The irony is that the strategy is likely to strengthen Coonerty rather than weaken him.
Voters tend to recognize when a candidacy is driven by affirmative vision versus opposition arithmetic. A fragmented field opposing a strong front-runner often reinforces the perception that the front-runner is, in fact, the only candidate with broad enough support to govern effectively. Plus, Coonerty has a long track record of doing just that.
There is also a larger issue here about transparency.
Democracy depends not only on rules and procedures, but also on good-faith engagement with voters. If candidates are effectively treating the primary as a collective blocking maneuver while postponing the “real” contest until November, voters deserve candor about that strategy. Otherwise, it is less about democratic competition and more like backstage political choreography.
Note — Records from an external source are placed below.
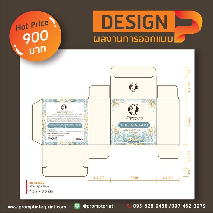 รับทำกล่องสบู่ กล่องครีม กล่องลิปสติก กล่องอาหารเสริม สื่อสิ่งพิมพ์ และแพคเกจจิ้งทุกชนิด งานพิมพ์สวย พร้อมออกแบบในราคา พิเศษเพียง 900 บาทเท่านั้น จากราคาปกติ 2,500 บาท ดีไซน์โดดเด่น เพิ่มมูลค่าให้กับแบรนด์สินค้า ด้วยเครื่องพิมพ์ที่ทันสมัย พิมพ์ด้วยระบบ Offset และ Digital Offset ในราคาถูก งานเสร็จไวส่งตรงเวลาทันใช้งานสามารถเช็คราคาได้ตลอด 24 ชั่วโมง สนใจสินค้า กดสั่งสินค้าได้ง่ายๆ เพียง คลิ๊ก!! Add Line : @promptprint
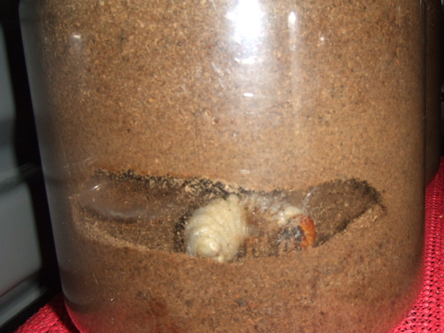 残っているメスの幼虫も現在は蛹室らしき空洞を造りつつあります。
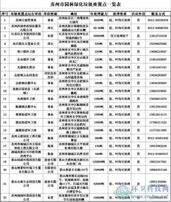 環(huán)衛(wèi)科技網(wǎng)訊,10月18日,蘇州市園林和綠化管理局在網(wǎng)上發(fā)布《蘇州市園林綠化垃圾處置點(diǎn)信息公示》,公示顯示,蘇州共有22個(gè)園林綠化垃圾處置點(diǎn)運(yùn)行單位,年處理能力達(dá)25.24余萬(wàn)噸。22個(gè)運(yùn)行單位中,有4家公司(兩家股份有限公司,兩家私營(yíng)單位)對(duì)外營(yíng)運(yùn),年處理能力總計(jì)22.2萬(wàn)噸。 下表為整理《蘇州發(fā)...
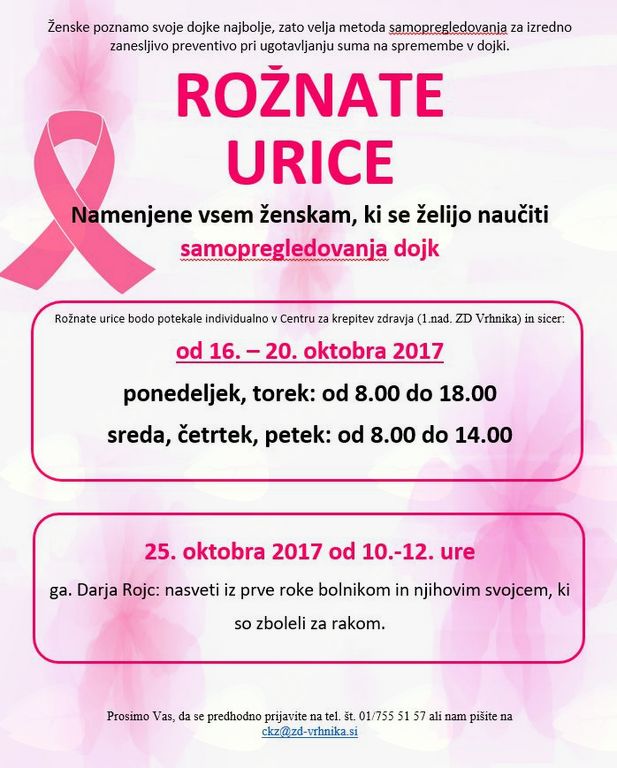 Za vas smo  od 16. do 20. oktobra 2017 pripravili ROŽNATE URICE, ki so namenjene vsem ženskam, ki se želijo naučiti samopregledovanja.
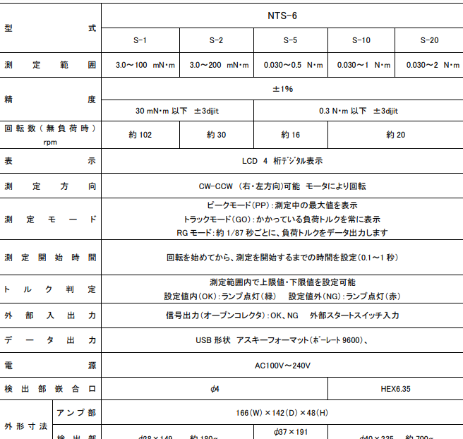 3種測量模式可設置上下限值,通過燈判斷通過/失敗5種類型以適應各種扭矩范圍OK/NG輸出數(shù)據(jù)輸出usb形狀外部啟動信號輸入通過實時輸出輕松創(chuàng)建扭矩波形NTS-6系列包括NTS-6/S-1、NTS-6/S-2、NTS-6/S-5、NTS-6/S-10和NTS-6/S-20。
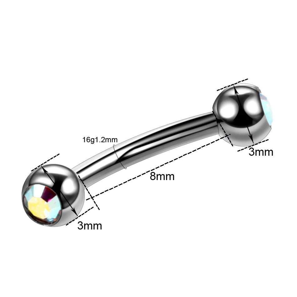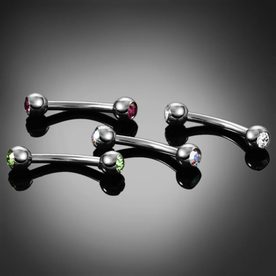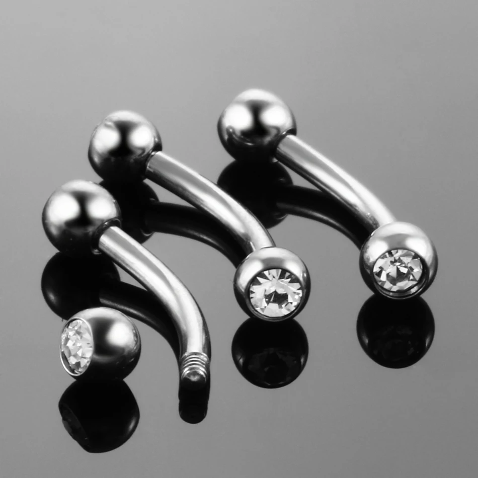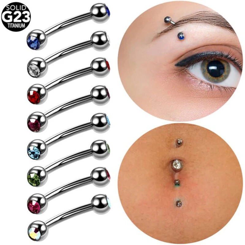 1 шт.партия, титановые пирсинг для бровей, банан, штанга, двойные камни, стержень для бровей, внешняя резьба, изогнутый язык
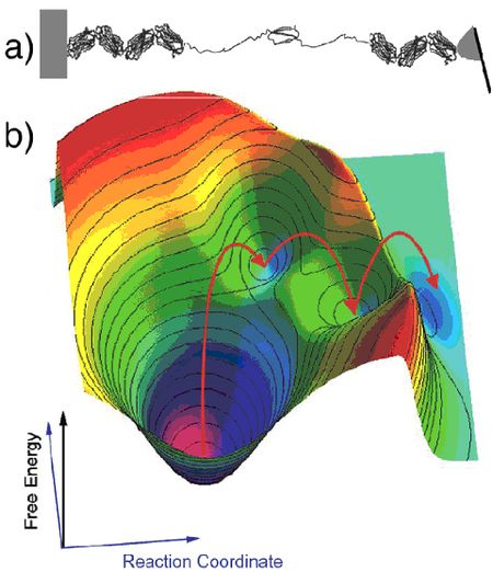 Proteins are wonderful examples of self-organized nano-machines. Proteins are peptide polymer chains built from an amino acid library containing 20 different members. One of the most fundamental and challenging problems in molecular biophysics is understanding how these polypeptide chains fold into complex 3 dimensional structures that can act as channels, enzymes and even motor proteins. We use single molecule mechanical methods to measure the forces directly that stabilize protein structures. Mechanical forces offer the unique possibility to study the energy landscapes of proteins along a well-defined reaction coordinate. From:
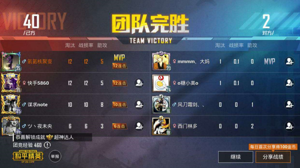 平和精英里边有许多种形式,最经典的是传统吃鸡形式,节奏最快的则是团队竞技形式。在团队竞技形式里边游戏中人物的血量被添加到了120,小伙伴们可以想一下光子为何需要给游戏中人物添加血量。上图所示,一位玩家投稿说“龙百万,这是我在平和精英里边见过的实力悬殊最大的团队竞技竞赛,40比2的人头比,敌人被摁在地上打,哈哈哈”。
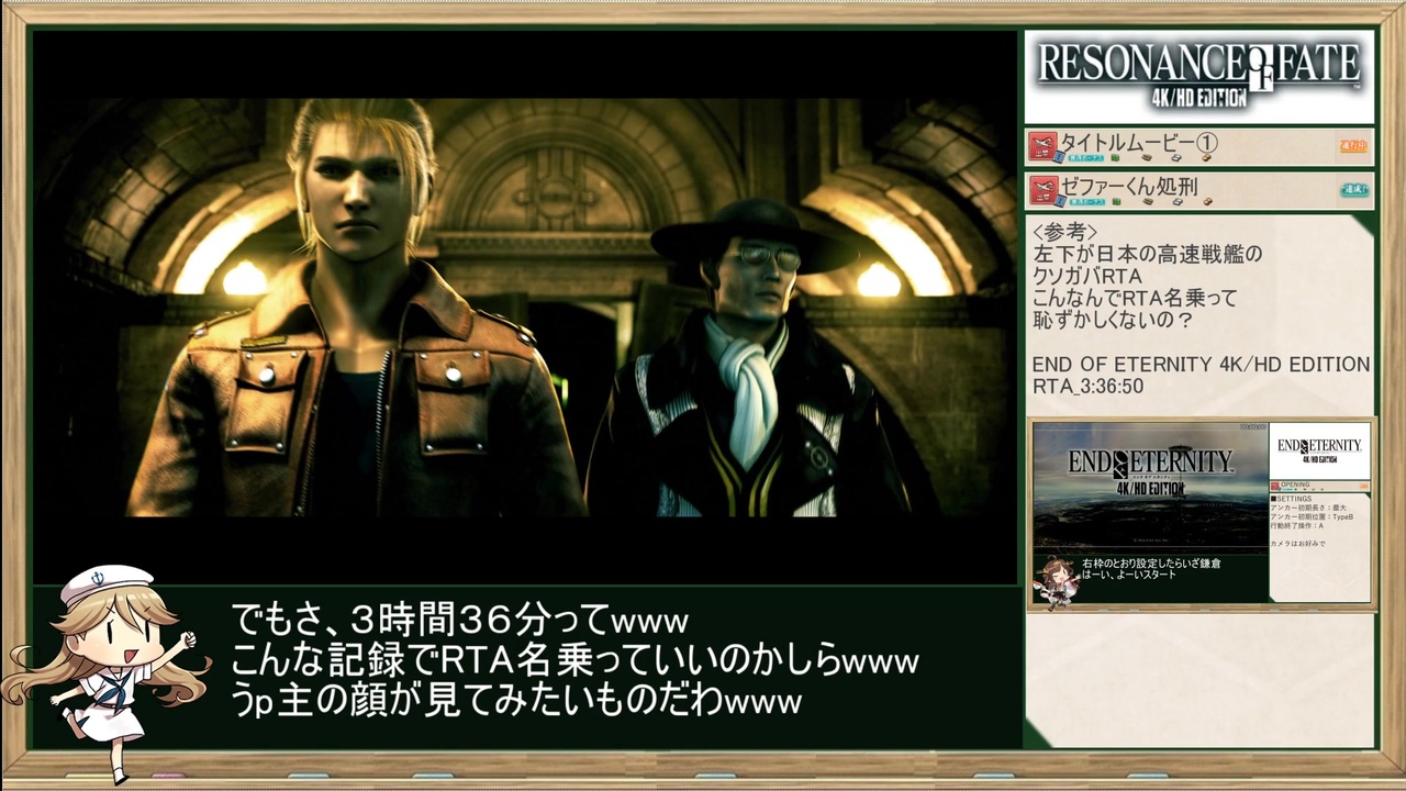 ニコニコ動画復活ッ!(あぁ^~聖刻の音ぉ~)<br><br>【GAME】 <br>Resonance of fate(レゾナンスオブフェイト)<br>Steam版(エンドオブエタニティの海外版)<br><br>【レギュレーション】<br>・計測区間:START GAME~クリアデータセーブ説明文表示<br>・難易度:NORMAL<br><br>【<a href="https://www.nicovideo.jp/mylist/76936875" target="_blank" rel="noopener">mylist/76936875</a>】 <br>NEXT≫<a href="https://www.nicovideo.jp/watch/sm43981092" class="watch">sm43981092</a><br><br>≪前作RTA≫<br>【VALKYRIE PROFILE】プラチナトロフィー取得RTA_4:26:47_Part.1<br>≫<a href="https://www.nicovideo.jp/watch/sm42393086" class="watch">sm42393086</a><br><br>≪前走≫<br>END OF ETERNITY 4K/HD EDITION RTA_3:36:50_Part.1<br>≫<a href="https://www.nicovideo.jp/watch/sm37506037" class="watch">sm37506037</a><br><br>Other Cielo’s Title <br>【<a href="https://www.nicovideo.jp/mylist/50418741" target="_blank" rel="noopener">mylist/50418741</a> 】<br><br>twitter <a href="https://twitter.com/Cielo_Polo" target="_blank" rel="noopener nofollow">https://twitter.com/Cielo_Polo</a><br>
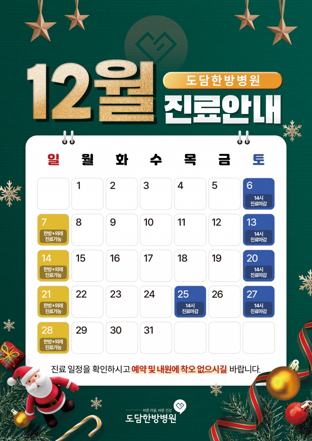 도담한방병원은 평일 오후 9시까지 야간진료하며 12/25(목) 성탄절은 오후 2시까지 진료합니다.

Santa Cruz faces serious challenges: housing affordability, homelessness, infrastructure strain, economic instability, public safety concerns, environmental resilience and the ongoing tension between growth and preserving the city’s character. These issues deserve substantive debate, not tactical gamesmanship.

A stronger and more honorable path would have been for this coalition to identify its strongest candidate early, unite behind that person and present voters with a direct and transparent choice. That would demonstrate confidence, discipline and genuine leadership.
Instead, voters are being asked to navigate an improvised political obstacle course whose central purpose appears to be denying one candidate an outright victory rather than articulating a compelling shared vision for the city.
That might be clever politics in theory. In practice, it risks appearing evasive, cynical and weak.
Santa Cruz deserves better than misinformed strategy masquerading as sage politics.
Mark Stephens is a Santa Cruz County native, a community activist, author and yoga teacher with a large local and international following.